Re: [18] Policy on IMMUTABLE functions and Unicode updates

From: Laurenz Albe <laurenz(dot)albe(at)cybertec(dot)at>
To: Jeff Davis <pgsql(at)j-davis(dot)com>, pgsql-hackers(at)postgresql(dot)org
Cc: Daniel Verite <daniel(at)manitou-mail(dot)org>, Noah Misch <noah(at)leadboat(dot)com>, Peter Eisentraut <peter(at)eisentraut(dot)org>, Robert Haas <robertmhaas(at)gmail(dot)com>, Tom Lane <tgl(at)sss(dot)pgh(dot)pa(dot)us>, Jeremy Schneider <schneider(at)ardentperf(dot)com>
Subject: Re: [18] Policy on IMMUTABLE functions and Unicode updates
Date: 2024-07-19 19:06:57
Message-ID: 5fcd0b4ae0d90c4df3e05266f0859f9751defe46.camel@cybertec.at
Views: Raw Message | Whole Thread | Download mbox | Resend email
Thread:
Lists: pgsql-hackers

On Tue, 2024-07-16 at 10:42 -0700, Jeff Davis wrote:
> The IMMUTABLE marker for functions is quite simple on the surface, but
> could be interpreted a few different ways, and there's some historical
> baggage that makes it complicated.
>
> There are a number of ways in which IMMUTABLE functions can change
> behavior:
>
> 1. Updating or moving to a different OS affects all collations that use
> the libc provider (other than "C" and "POSIX", which don't actually use
> libc).

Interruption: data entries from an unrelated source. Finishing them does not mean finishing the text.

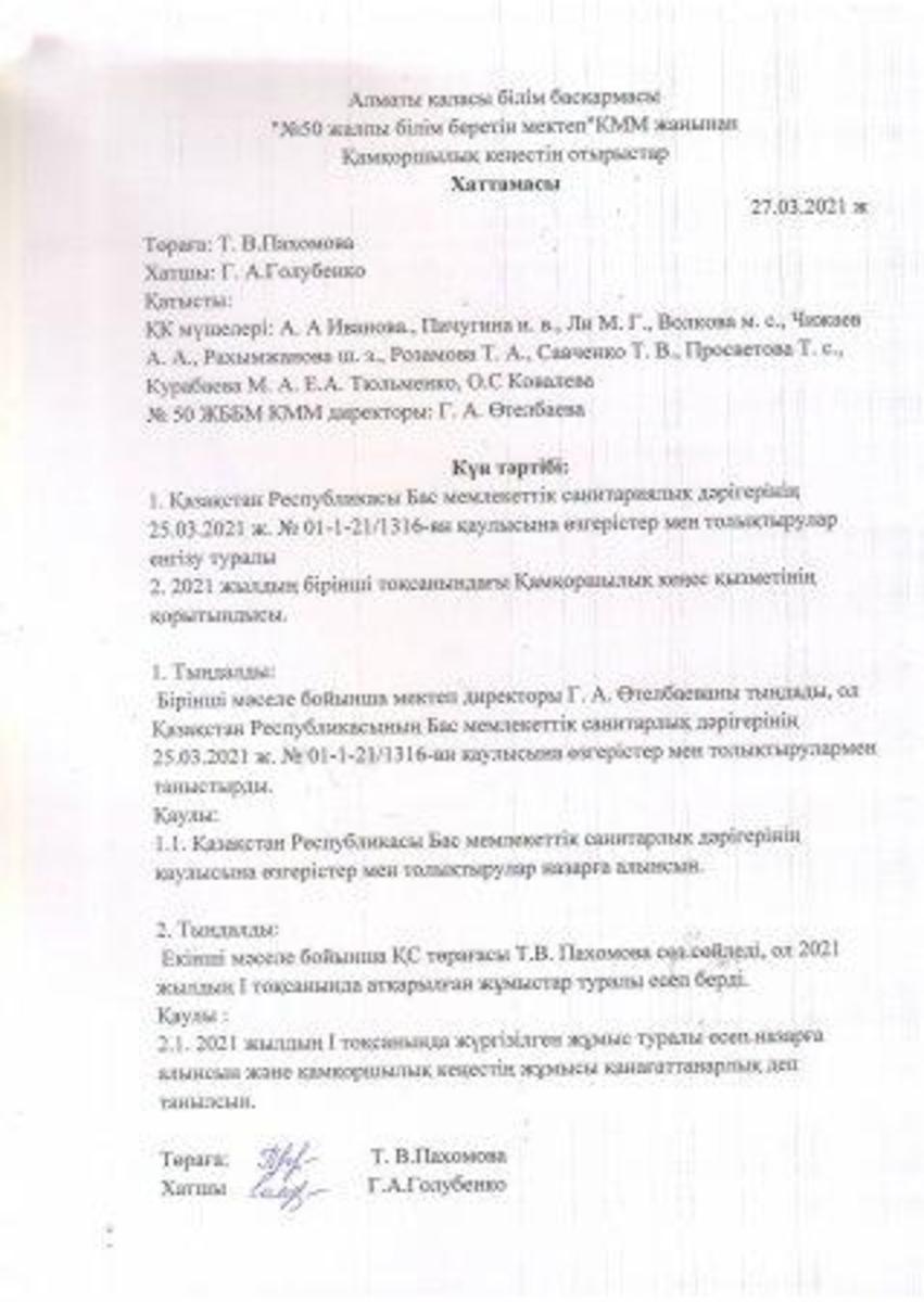 27 наурыз 2021 0 1 2 3 4 5 Қамқоршылық кеңес отырысының хаттамасы. Протокол заседания Попечительского Совета
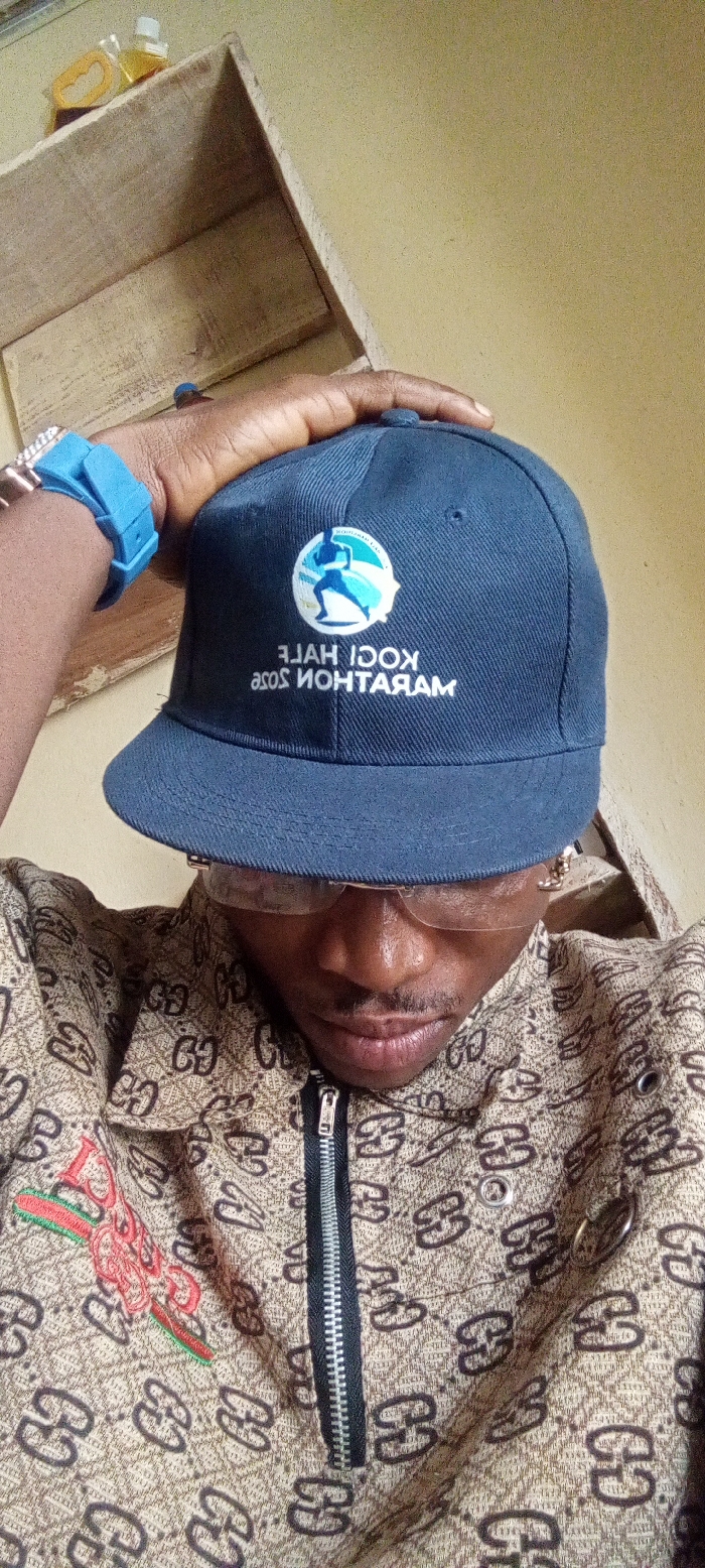 A dark-skinned male is depicted in a close-up, chest-up shot within an interior setting in Adankolo, Nigeria. He is wearing a navy blue baseball cap with a flat brim, featuring a mirrored logo that reads "KOCI HALF" and "2023 MARATHON JOS" alongside a runner silhouette. His right hand rests on the crown of the cap. He wears clear-lensed glasses with thin frames and a light brown patterned shirt with a partial black zipper and a red and green embroidered design on the left chest. A thin gold-colored chain is visible around his neck. On his left wrist, a blue silicone strap or watch band is visible, with a metallic, possibly rose gold, watch or bracelet beneath it. The individual's head is tilted downwards, and he is looking away from the camera. The background consists of a light yellow wall and a rustic wooden shelf or crate in the upper left, holding two small clear bottles containing yellow liquid. One bottle contains a small, light-brown object.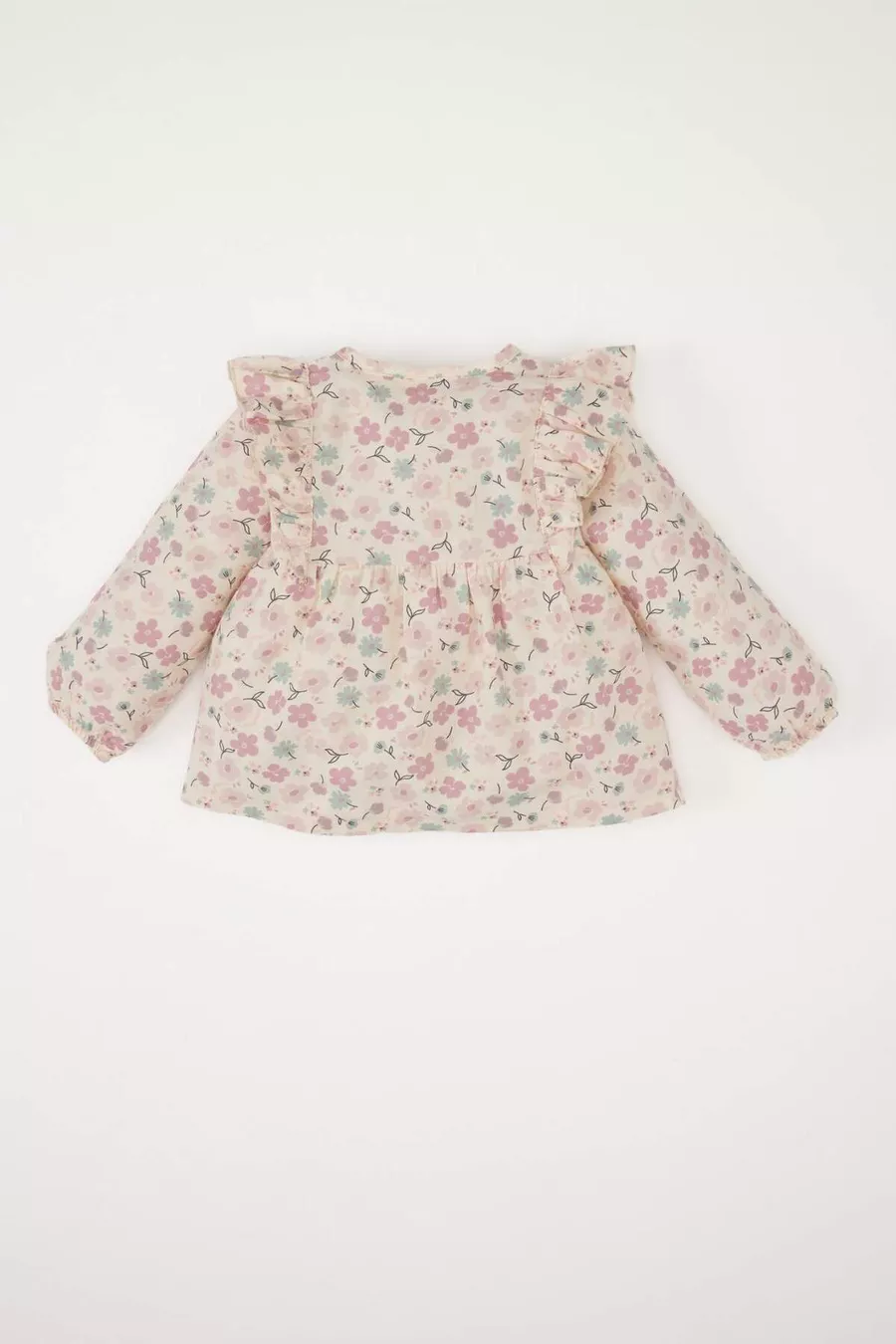 Camicetta a maniche lunghe in twill con scollo a girocollo e fantasia floreale per bambina SP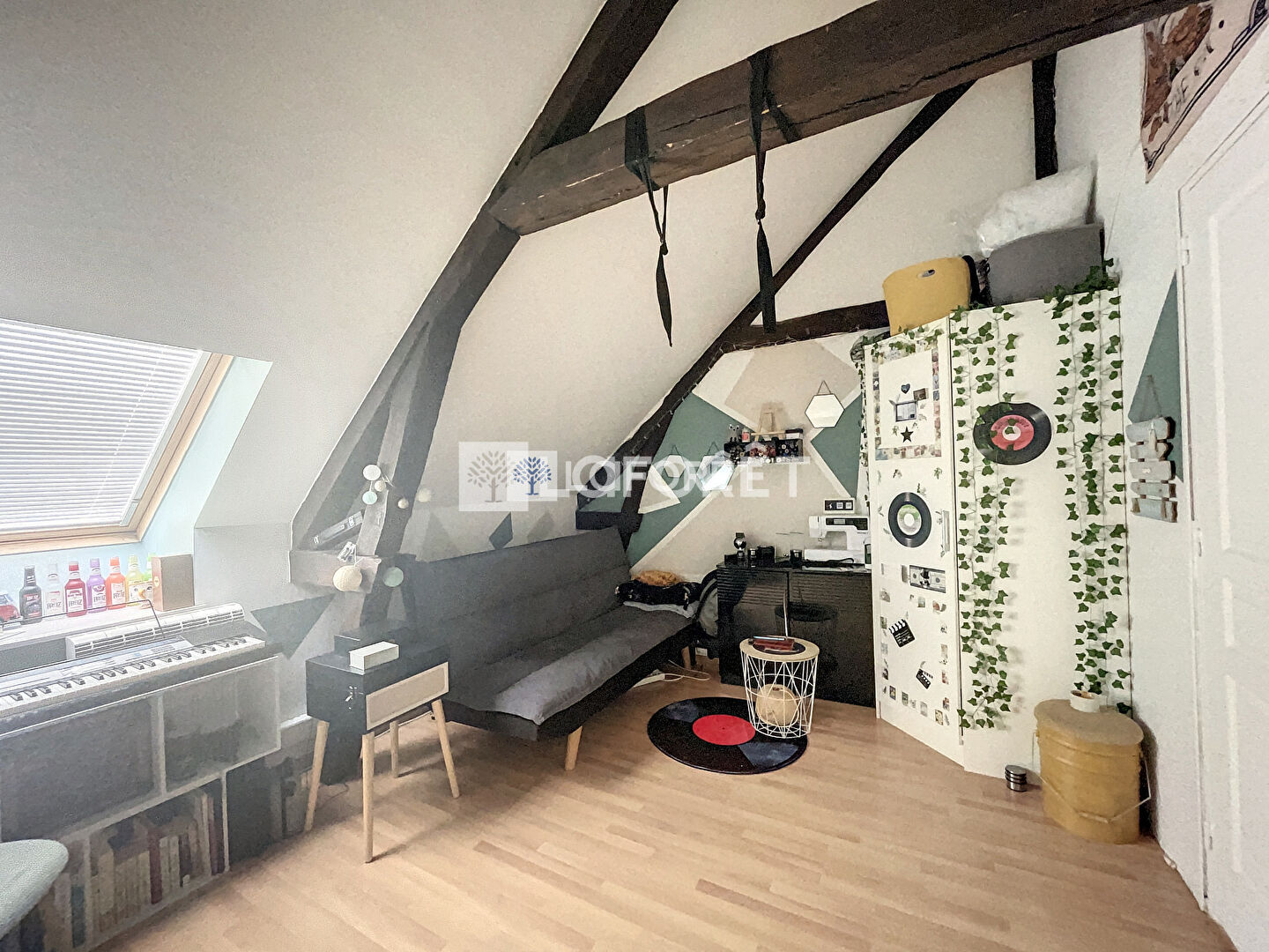 Elle se compose au rez-de-chaussée d'une entrée, d'une cuisine aménagée, d'un séjour lumineux de 30 m² , ainsi que d'une chambres. Un demi niveau accueille une buanderie et des toilettes.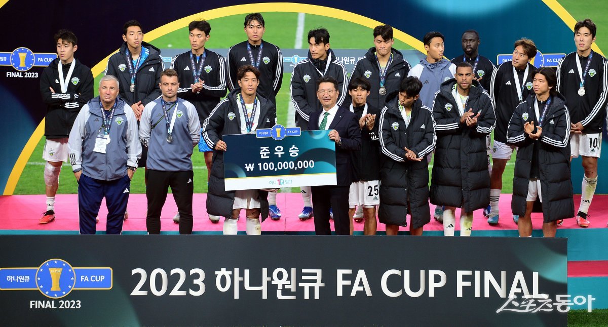 4일 경북 포항스틸야드에서 열린 ‘2023 하나원큐 FA CUP’ 포항 스틸러스와 전북 현대의 결승 경기에서 전북이 준우승을 차지한 후 기념촬영을 하고 있다. 포항 | 김민성 기자 marineboy@donga.com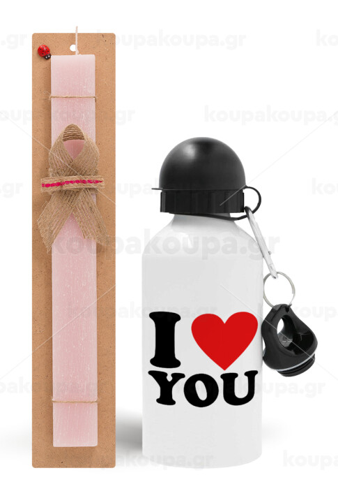 I LOVE YOU, Easter Set, metallic aluminum bottle (500ml) & aromatic flat Easter candle (30cm) (PINK)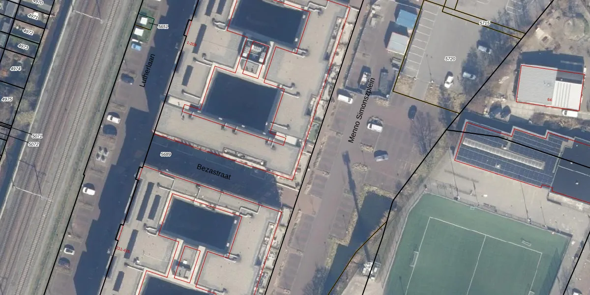 Het perceel waarop Lutherlaan 25 staat heeft een oppervlakte van 7765 m². Dit is een zeer groot perceel. De perceeloppervlakte wordt geregistreerd door het Kadaster. Gedetailleerde informatie over de maten van dit perceel kunt u vinden in het rapport Kadastrale kaart met maatvoering van Lutherlaan 25.

LOWER(), INITCAP(), UPPER() and pattern matching are also
> affected.
>
> 2. Updating ICU affects the collations that use the ICU provider.
> ICU_UNICODE_VERSION(), LOWER(), INITCAP(), UPPER() and pattern matching
> are also affected.
>
> 3. Moving to a different database encoding may affect collations that
> use the "C" or "POSIX" locales in the libc provider (NB: those locales
> don't actually use libc).
>
> 4. A PG Unicode update may change the results of functions that depend
> on Unicode. For instance, NORMALIZE(), UNICODE_ASSIGNED(), and
> UNICODE_VERSION(). Or, if using the new builtin provider's "C.UTF-8"
> locale in version 17, LOWER(), INITCAP(), UPPER(), and pattern matching
> (NB: collation itself is not affected -- always code point order).
>
> 5. If a well-defined IMMUTABLE function produces the wrong results, we
> may fix the bug in the next major release.
>
> 6. The GUC extra_float_digits can change the results of floating point
> text output.
>
> 7. A UDF may be improperly marked IMMUTABLE. A particularly common
> variant is a UDF without search_path specified, which is probably not
> truly IMMUTABLE.
>
> Noah seemed particularly concerned[1] about #4, so I'll start off by
> discussing that.
>
> Unicode updates do not affect collation itself, they
> affect affect NORMALIZE(), UNICODE_VERSION(), and UNICODE_ASSIGNED().
> If using the builtin "C.UTF-8" locale, they also affect LOWER(),
> INITCAP(), UPPER(), and pattern matching. (NB: the builtin collation
> provider hasn't yet gone through any Unicode update.)
>
> There are two alternative philosophies:
>
> A. By choosing to use a Unicode-based function, the user has opted in
> to the Unicode stability guarantees[2], and it's fine to update Unicode
> occasionally in new major versions as long as we are transparent with
> the user.
>
> B. IMMUTABLE implies some very strict definition of stability, and we
> should never again update Unicode because it changes the results of
> IMMUTABLE functions.
>
> We've been following (A), and that's the defacto policy today[3][4].
> Noah and Laurenz argued[5] that the policy starting in version 18
> should be (B). Given that it's a policy decision that affects more than
> just the builtin collation provider, I'd like to discuss it more
> broadly outside of that subthread.
>
> [1] 
> https://www.postgresql.org/message-id/20240629220857.fb.nmisch@google.com
>
> [2]
> https://www.unicode.org/policies/stability_policy.html
>
> [3] 
> https://www.postgresql.org/message-id/1d178eb1bbd61da1bcfe4a11d6545e9cdcede1d1.camel%40j-davis.com
>
> [4]
> https://www.postgresql.org/message-id/564325.1720297161%40sss.pgh.pa.us
>
> [5]
> https://www.postgresql.org/message-id/af82b292f13dd234790bc701933e9992ee07d4fa.camel%40cybertec.at

Concerning #4, the new built-in locale, my hope (and, in my opinion, its only
value) is to get out of the problems #1 and #2 that are not under our control.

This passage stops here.